Man City AI Coach Assistant | Case study | Wojciech (Wojtek) Błaszczyk

01 - Introduction

More than another OpenAI wrapper

IT is flooded with "AI-powered" apps that are, in reality, thin wrappers around OpenAI APIs. Shipping a simple chat with basic RAG (Retrieval-Augmented Generation) is roughly Junior+ bar today. I wanted to go much further and build a real System of Intelligence.

If you read my earlier GroupNote case study, you already know how over-engineering and the "one more feature" trap can kill a great product before it ever meets the market.

[ project premise ]

This project was different. Here, over-engineering was my primary, deliberate goal. From day zero, this system was not meant to solve real users' problems. It was meant to be my private, hard proving ground - a place to stress-test distributed architecture, data streaming, advanced message brokers, and cognitive AI patterns without compromise.

Why football - and Manchester City?

I needed a domain dense with data: deep analytics, spatial reasoning, and contextual inference. I play the game and follow the sport closely, so the domain choice came naturally.

The Premier League is arguably the world's most tactical, analytics-heavy competition. Manchester City under Pep Guardiola is shorthand for modern, systems- and data-driven football - ideal soil for a virtual coaching staff member.

What I actually built

AI-Native Tactical Coach is not another chatbot that recites Erling Haaland's biography from Wikipedia.
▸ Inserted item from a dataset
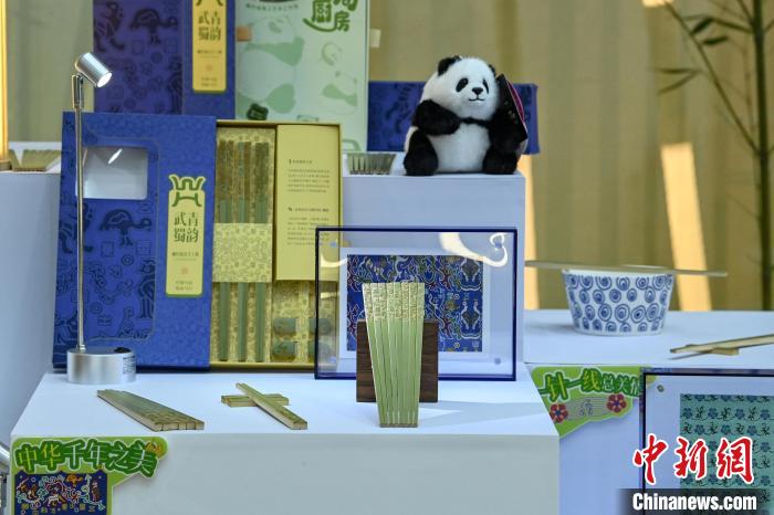 11月11日,竹子制作的手工筷等产品在展会中展示。中新网

It is an advanced ecosystem where the assistant:

Proactively analyzes opponent scouting inputs and generates multi-threaded reports,
Understands what you are currently looking at in the product UI,
Predicts formations and renders "heatmaps",
Maintains long-term memory so it learns your tactical preferences.

To reach that level of depth and fluid UX, a classic monolith and plain HTTP request/response was not enough. I had to build a system that runs in the background and never forces the user to wait on the server.

02 - Architecture

Polyglot ecosystem under .NET Aspire

AI-native systems force a specific question: how do you pair the transactional rigour of .NET with the flexibility and AI ecosystem that lives in Python?

My answer is a distributed polyglot architecture where every component does what it does best.

Polyglot architecture diagram: React, .NET ApiService, RabbitMQ, gRPC, Python agent, Postgres, Redis, MinIO, Aspire — High-level: React shell, .NET 10 API with SignalR and MassTransit, Python agent (FastAPI, LangGraph), infrastructure orchestrated by .NET Aspire.

.NET Aspire: conductor of the orchestra

Instead of hand-wiring connections, environment variables, and containers, I used .NET Aspire as the AppHost that orchestrates the entire dev environment. Spinning up vector Postgres, RabbitMQ, MinIO, and two runtimes (.NET and Python) becomes a single action.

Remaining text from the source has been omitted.